Most up-and-coming artists spent exorbitant amounts of money releasing an album, publicizing it, and then going on tour. These tours are made possible by agencies and labels, which are acquired through record contracts that often result in less-than-ideal circumstances for the artist, including little to no reward and great amounts of debt. According to ABC News, "In the music industry, the artist is responsible for paying back the record label for all kinds of costs, including: clothes, travel, studio time and music videos."

Even Prince vocalized his discontent with the music industry. The singer told Rolling Stone, "Record contracts are just like . . . slavery. I would tell any young artist . . . don't sign." But this is easier said than done. Many artists become so desperate to succeed that they'll sign the first offer they get, even if it means giving up rights to their own music.

The Beatles are a classic example. According to Slate, in 1963, "[The Beatles] signed away a majority interest in their songwriting, to a struggling music publisher with no track record, for absolutely nothing." This left the band with little income for their own efforts, especially for the individual songwriters, while publisher Dick James became incredibly wealthy from the deal. Bloomberg quoted Paul McCartney from The Beatles Anthology, in which he states, "[Our manager] did do some lousy deals and he put us into long-term slave contracts which I am still dealing with. For 'Yesterday,' which I wrote totally on my own, without John's or anyone's help, I am on 15%."

This is what happens when artists trust managers and agents to make the best decisions for them. Often, managers and agents act upon selfish motivations, claiming royalties that ultimately should have gone to the artist. Because of this, the industry is dominated by producers, agencies and managers rather than the artists themselves. In some scenarios, the musicians aren't even entirely aware of what a contract entails because of fine print and/or legal jargon. This has been the case since the music industry ever came to be. In addition to the Beatles, Tim McGraw, Soulja Boy, Salt-N-Pepa, the Rolling Stones, Prince and Lady Gaga have all been victims of some sort of fraud within the music industry.

One would think that after decades of fraudulent behavior, someone would have forced some sort of change in the industry. Some backlash can be seen in the efforts of top artists. For example, Jay-Z and Prince spent millions of dollars creating their own labels in order to avoid future contract issues. Taylor Swift withdrew her songs from Spotify and publicly resisted Apple's efforts to use artists' songs without compensation. Neil Young and Prince have also withdrawn their music from streaming outlets.

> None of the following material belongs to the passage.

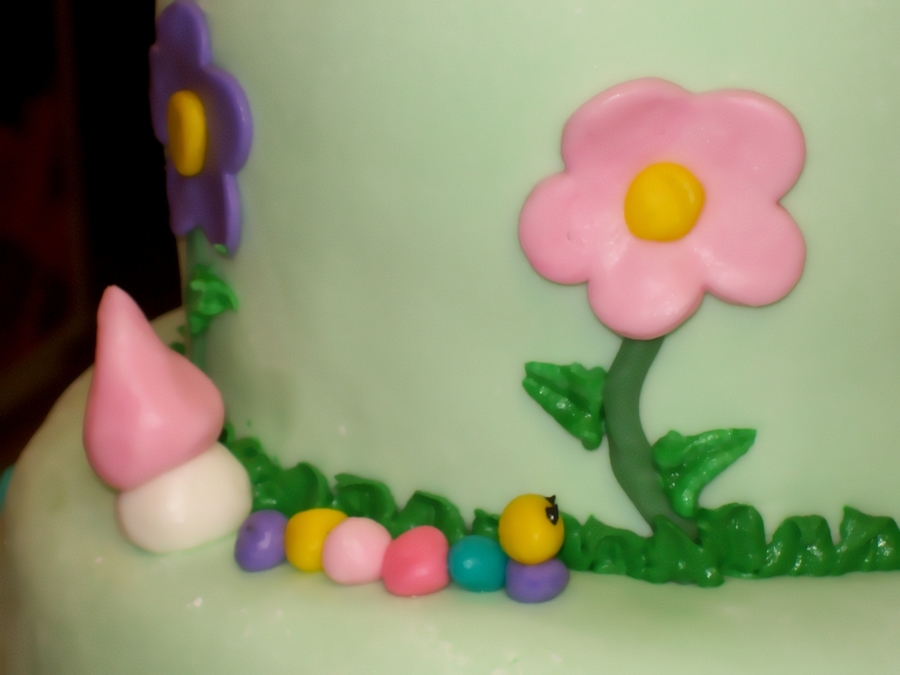 The customer wanted a cake covered with flowers and bugs. Cake covered and decorated with fondant.

But top artists aren't the only people who can do something about this issue. As consumers we can retrace our steps back to when music was still considered to be a product. Many of us have strayed from that mindset, viewing music as something we're entitled to download for free on YouTube. In reality, downloading music for free is comparable to stealing a CD from a store. Maybe it's the tangibility of a CD that makes the latter seem more deplorable.

But, truth be told, a song is a product that someone made and deserves to be compensated for. Until we accept that as reality, injustice in the music industry will continue to exist, and artists will continue to be starving.